2016年はまだやっと半分が終わったところだが、何だか世界中から次から次へと驚くべきようなニュースが飛び込んでくる。いつの間にか、それに慣れっこになって、これ以上何が起きても、ちょっとやそっとでは驚かないだろうと思っていたら、そんな自分をあざ笑うかのように、また超弩級のニュースが飛び込んできた。英国がEUから離脱するという。


しばらくは蜂の巣をつついたような騒ぎになって情報も混乱していたが、やっと少し落ち着いてきて、わかりやすい分析記事も多数出てきたため、ようやく何が起こっていたのか、そのメカニズムがわかってきた。


離脱賛成派にとっても、EU離脱による経済的なデメリットがまったく理解されていなかったということはなかったようだが、それよりも身近で深刻な思いに突き動かされた人の数が勝ったようだ。金融業界に勤務するエリートならともかく、工場労働者等の中〜下級に属する大衆にとって見れば、東欧等の非常に平均所得の低い国(英国の1/4〜1/5)から移民が押し寄せ、自分たちの労働を奪い(労働条件を切り下げ)、地元の学校では英語もろくに話せない生徒が大半を占め、不動産価格等の生活コストは高騰する一方で、自分たちに及んでくるのはデメリットばかり、というわけだ。
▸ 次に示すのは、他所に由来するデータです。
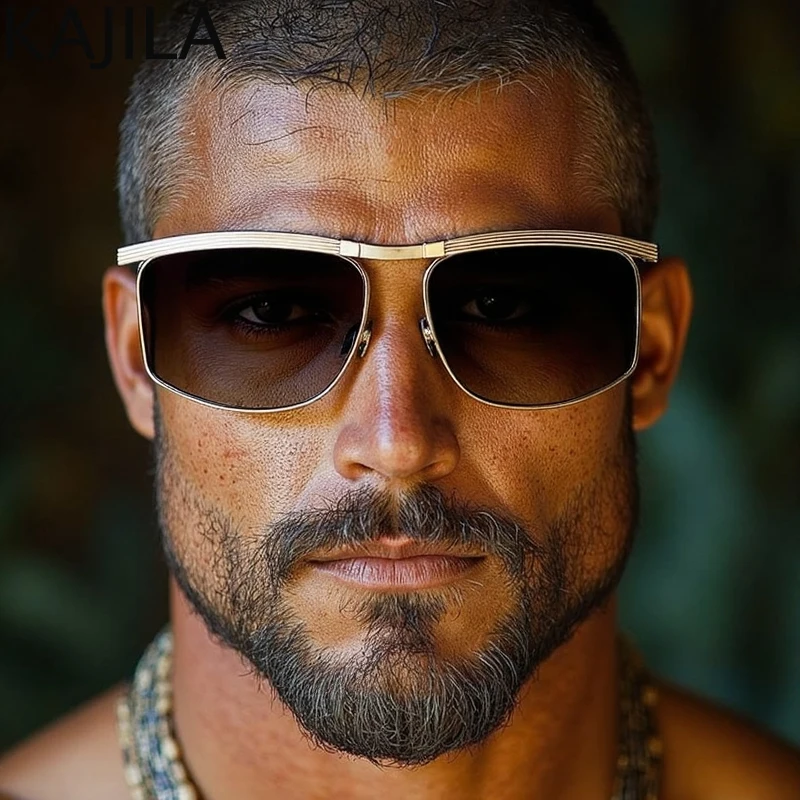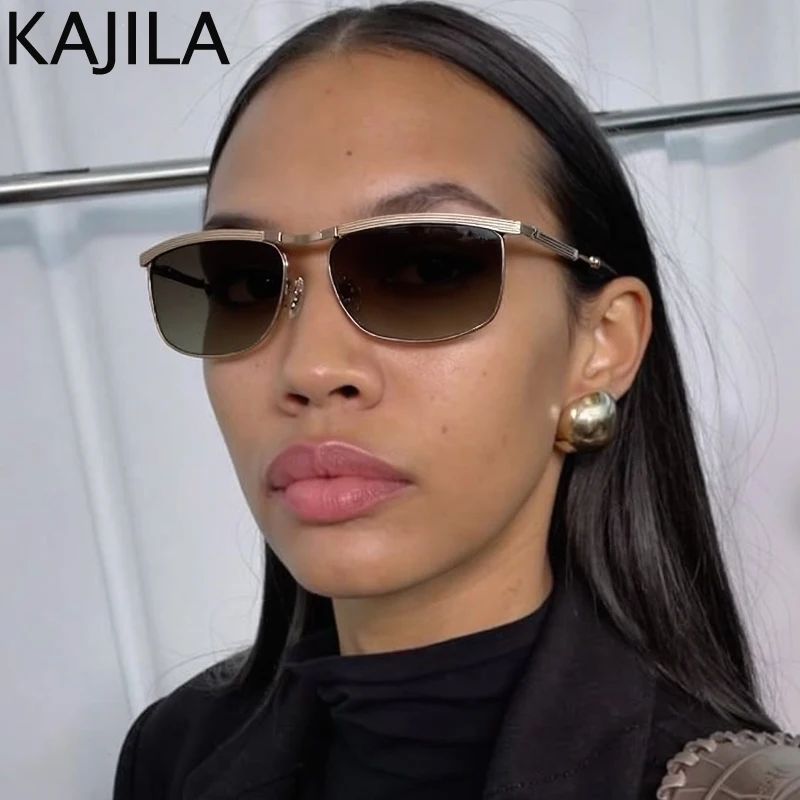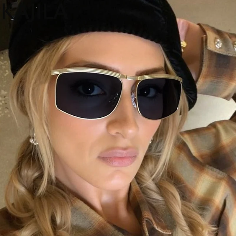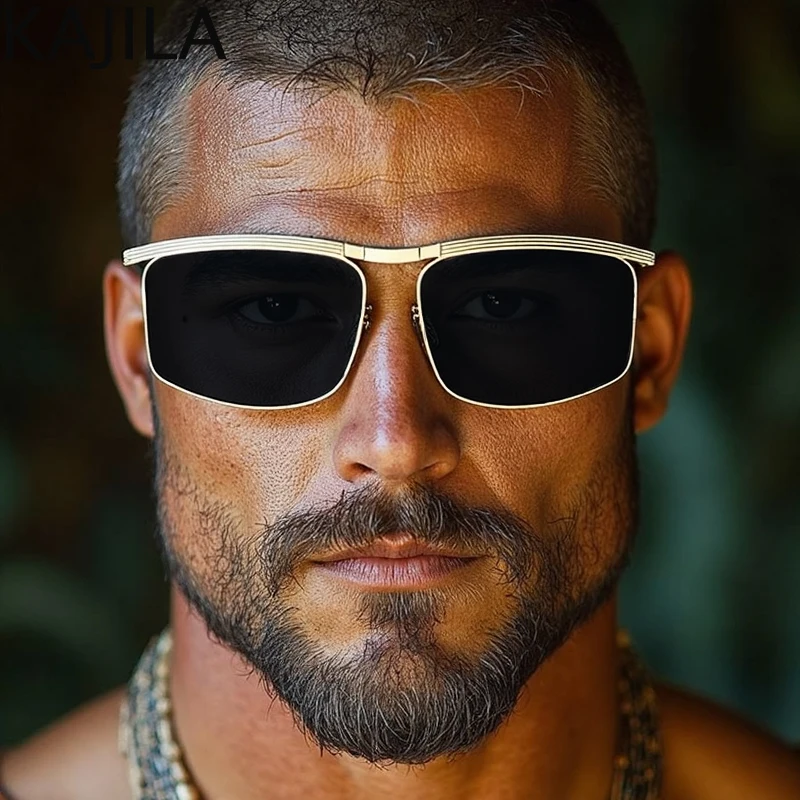 Lunettes de soleil rectangulaires surdimensionnées pour hommes et femmes, marque de luxe classique Punk, monture métallique, UV400, 2026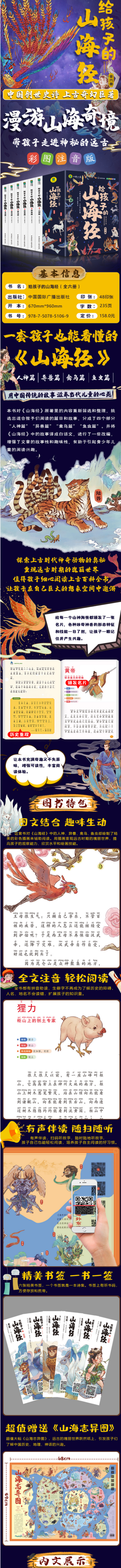 《山海经》是中国志怪书籍的 开山鼻祖,黄帝大战蚩尤、后羿射 日等远古神话传说都出自这本书。 《给孩子的山海经》对原著的内容 重新筛选和整理,改编成适合孩子 阅读的故事,分为“人神篇”“异 兽篇”“禽鸟篇”“鱼虫篇”,并 给每一个山神海怪绘制了精美插 图,使得远古时期的瑰丽世界跃然 纸上。在这套书中,你可以看到大 地之母女娲,刚毅顽强的猛士刑 天,亦正亦邪的神兽九尾狐,歌颂 太平的神鸟鸾鸟,大禹治水的好帮 手旋龟...让我们一起仰人神、观异 兽、看禽鸟、赏鱼虫,在远古的山 海奇境里畅游吧!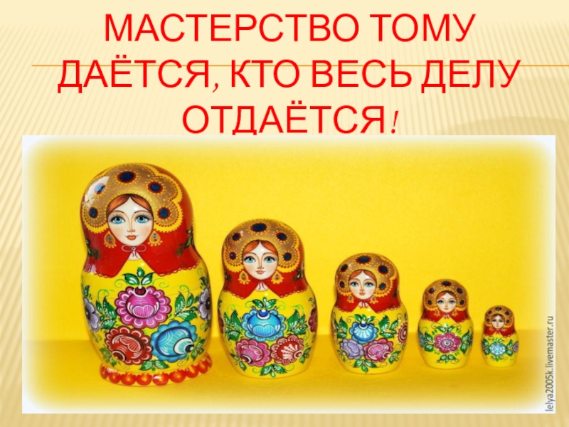 Слайд 3МАСТЕРСТВО ТОМУ ДАЁТСЯ, КТО ВЕСЬ ДЕЛУ ОТДАЁТСЯ!

だが、EUから離脱すれば、英国の自動車会社等、工場の経営者からみれば、移民の安い労働力も使えず、大陸に輸出しようとすると関税がかかることになるから、遠からず工場を他国に移そうとするだろう。製造業だけではない。サッチャー革命以降の英国の経済の復活と躍進を象徴する金融業等のサービス産業も深刻な影響を被ることは避けられない。結局長い目で見るとEU離脱は誰の得にもならないように見える。特に、日本から遠巻きに見ていると、目の前の問題にしか目がいかない、愚かな大衆の妄動に思えてしまう。離脱派は一時の感情に支配され、冷静ではなくなっているように見えてしまう。そして、このような感情にまかせて投票する大衆ばかりになってしまうと、その感情を巧みに掬い取るアドルフ・ヒットラーのような政治家が出てきて、最後には国家ぐるみファシズムの闇に引きずり込まれてしまうのではないかとさえ思えてくる。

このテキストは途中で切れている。